Correlation of neutrophil to lymphocyte ratio to severity of coronary artery disease and in-hospital clinical outcomes in patients with acute coronary syndrome: A prospective observational study

Author:

Kandibendla Vinodhkumar1,Prakash G. Thiruvikrama2,Bose Subash Chandra3,Dhewle Prafull4

Affiliation:

1. Department of Cardiology, Prakriya Hospitals, Nagasandra, Banglore, India

2. Department of Cardiology, E.S. Hospital, Villupuram, Tamil Nadu, India

3. Department of Cardiology, Government Medical College, Ananthapuramu, Andhra Pradesh, India

4. Department of Cardiology, Shrikrishna Hrudayalaya Hospital, Nagpur, Maharashtra, India

Abstract

Objective: To explore correlation of neutrophil-to-lymphocyte ratio (NLR) to severity of coronary artery disease (CAD) and in-hospital clinical outcomes in patients with acute coronary syndrome (ACS). Methods: In this prospective and observational study, we recruited 500 patients with ACS. For all the eligible patients, demographic details were collected, and laboratory parameters were evaluated. The CAD severity was evaluated in terms of the number of involved vessels. The NLR was calculated based on neutrophils and lymphocytes and the correlation of various risk factors and severity and outcome of CAD was performed. Results: 77.2% of Patients was male, and 52% of the patients aged between 55-70 years. Based on the type of ACS, 396 out of 500 patients had ST-elevation myocardial infarction.
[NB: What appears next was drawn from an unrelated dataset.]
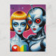 Alien und Roboter in der Liebe Regenbogen Postkarte
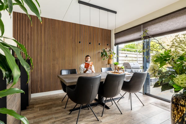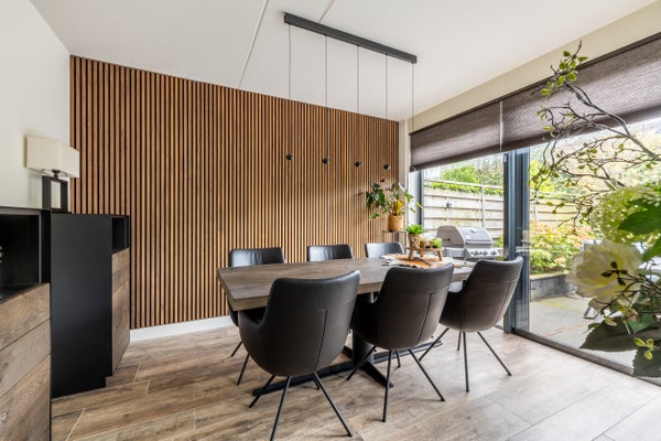 De mooie achtertuin, met automatische buitenverlichting en elektrische zonwering, nodigt uit om te ontspannen. Dit huis, ideaal voor elk gezin, heeft alles voor een fijn thuis.

An ascending trend in the white blood cell levels and NLR value was noted as the severity of the ACS increased and the highest white blood cell levels and NLR was noted among class IV patients. The mean NLR value among the non-survivors were higher compared to the survivors (9.52±5.72 vs. 4.76±2.36; P<0.01). Receiver operating curve showed that the cut-off NLR value was 5.76 with a sensitivity of 75.0% and a specificity of 77.3%. Conclusions: The NLR can be used as an independent prognostic marker in ACS. An elevated NLR value serves as a reliable predictor for short-term complications, notably in-hospital mortality.